Hypertension is a major public health problem and is considered a major risk factor for cardiovascular disease. ¹ Hypertension is also the second most common etiology for end‐stage renal disease in the United States. ² Unfortunately the number of patients with hypertension is likely to grow with the aging population and it is expected to occur in more than half of the population older than 65 years. ³

Hypertension is very common among hemodialysis patients, with a reported prevalence from 60% to 86%. ⁴ , ⁵ Etiology of hypertension in dialysis is multifactorial. Volume overload, increased sympathetic activity, activation of the renin‐angiotensin system, and altered endothelial function play major roles. ⁶ Administration of erythropoietin for anemia has also been linked to hypertension. ⁷ Parathyroid hormone (PTH) and plasma calcium (ca) levels have also been associated with blood pressure (BP) in dialysis. ⁸ Phosphorus (ph) load has been shown to have a role on endothelial dysfunction by increasing production of reactive oxygen species and decreasing nitric oxide production via inhibitory phosphorylation of endothelial nitric oxide synthase. ⁹ Iseki and colleagues ¹⁰ showed that the prevalence of systolic or diastolic hypertension was significantly associated with volume excess and serum levels of albumin, ca, and phosphorous in chronic hemodialysis patients. In a cross‐sectional study, Chow and colleagues ¹¹ showed no correlation between pulse pressures (PPs), serum PTH level, and ca and ph (ca × ph) product in dialysis patients.

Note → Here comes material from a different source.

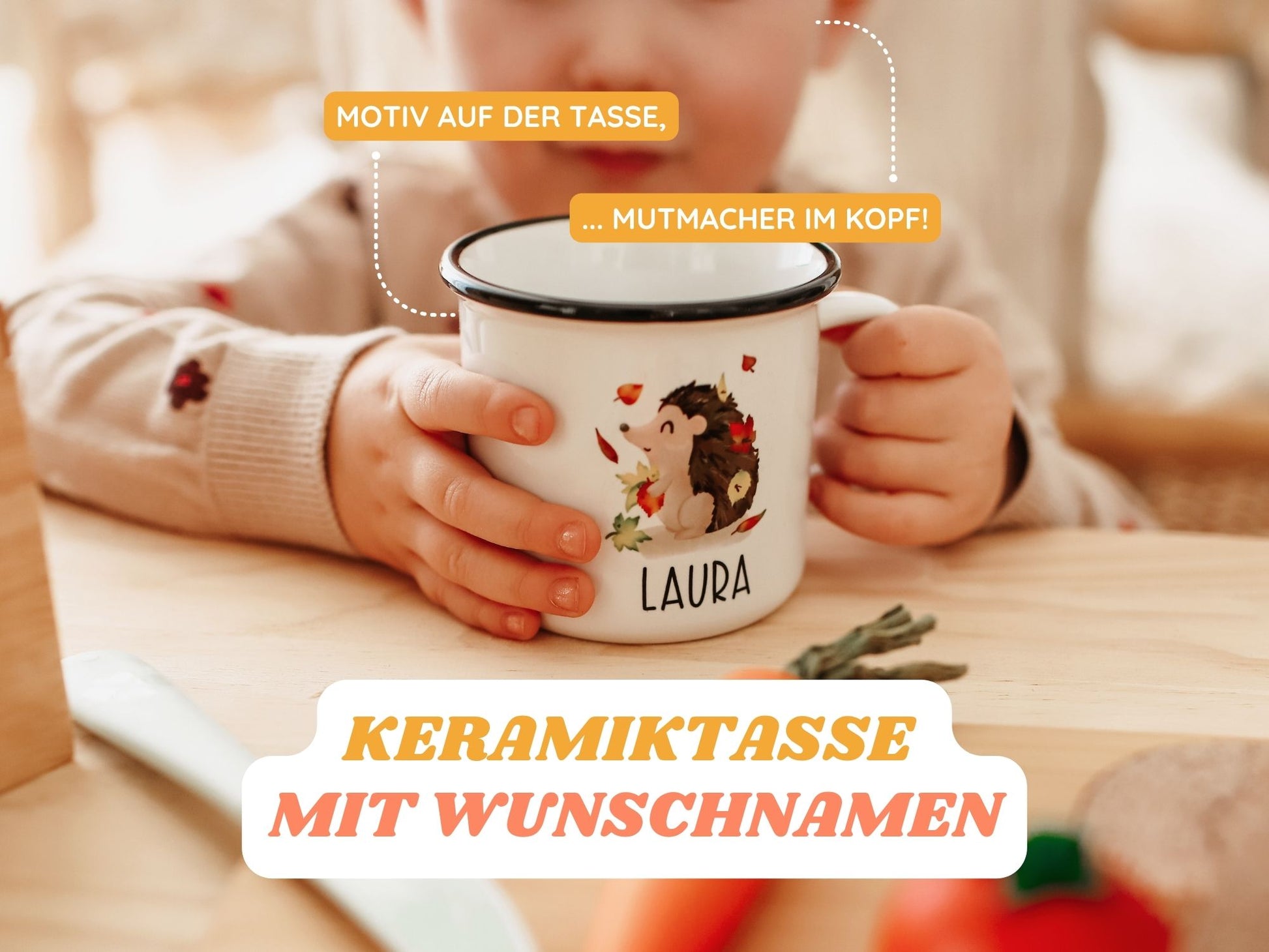 - personalisierte Keramik Tasse im Emaille Look mit Igel Motiv - so erinnert diese einen schon am Frühstückstisch, dass man sich nicht sticheln lassen soll!

PP, however, was directly associated with age and the presence of diabetes. In another cross‐sectional analysis of patients in the Hemodialysis (HEMO) study, Rocco and colleagues showed that diabetes, older age, increased BP medications, and lower hematocrit level were positively associated with systolic hypertension in dialysis patients. Diastolic hypertension, however, was associated with younger age and increased number of BP medications. ¹² In 1999, Marchais and colleagues ¹³ showed an association between serum phosphate and higher mean and diastolic BP (DBP) in dialysis. In a recent study by Huang and colleagues, elevated serum phosphate was associated with higher predialysis systolic BP (SBP) and PP. Each 1 mg/dL higher serum phosphate was associated with 1.77 mm Hg higher SBP. ¹⁴

Cardiovascular disease is still the leading cause of mortality in dialysis patients. ² Damage of large arteries is a major contributor to the high cardiovascular morbidity and mortality in end‐stage renal disease. Arterial stiffness is significantly affected by the amount of arterial calcifications. ¹⁵ , ¹⁶ Increase in stiffness raises SBP and decreases DBP, thus increasing PP. ¹⁵ Dialysis patients have stiffer arteries than age‐ and hypertensive‐matched nonuremic patients. ¹⁷ Arterial stiffness in dialysis has also been associated with mean arterial pressure (MAP). In a study of patients with chronic kidney disease, Covic and colleagues ¹⁸ showed a significant linear relationship between atherosclerosis burden and arterial stiffness measured through pulse wave velocity and augmentation index. Independent predictors of arterial stiffness, however, were age and mean arterial pressure. Vascular and coronary calcifications are also more common and progressive in end‐stage renal dialysis patients. ¹⁹

Arterial medial calcification was found to be a strong prognostic marker of all‐cause and cardiovascular mortality in dialysis, with the principal effect of calcification causing an increase in arterial stiffness. ¹⁵

Higher ca‐ph product and serum ph have been linked to risk of vascular calcification. ²⁰ , ²¹ No clear association was detected with PTH levels, but lower serum albumin was associated with higher odds ratios for calcification. ²⁰ Other studies have reported association of calcification with PTH levels, however. ²² Severity of calcification was also associated with patients’ age, SBP, and plasma phosphate concentrations. ²² Other studies linking calcification with BPs, however, have shown variable results. Goodman and colleagues ¹⁹ showed no significant differences in systolic or diastolic BPs among patients with or without calcifications. Adragao and colleagues ²³ have shown that higher vascular calcification scores in dialysis patients were significantly associated with mean arterial BPs. In a recent paper by Guillaume and colleagues in dialysis patients with vascular calcification, no relationship was found with BP. ²⁴ Guerin and colleagues ¹⁵ detected an association between vascular calcification and PP mainly due to a decrease in diastolic pressure, not an increase in systolic pressure.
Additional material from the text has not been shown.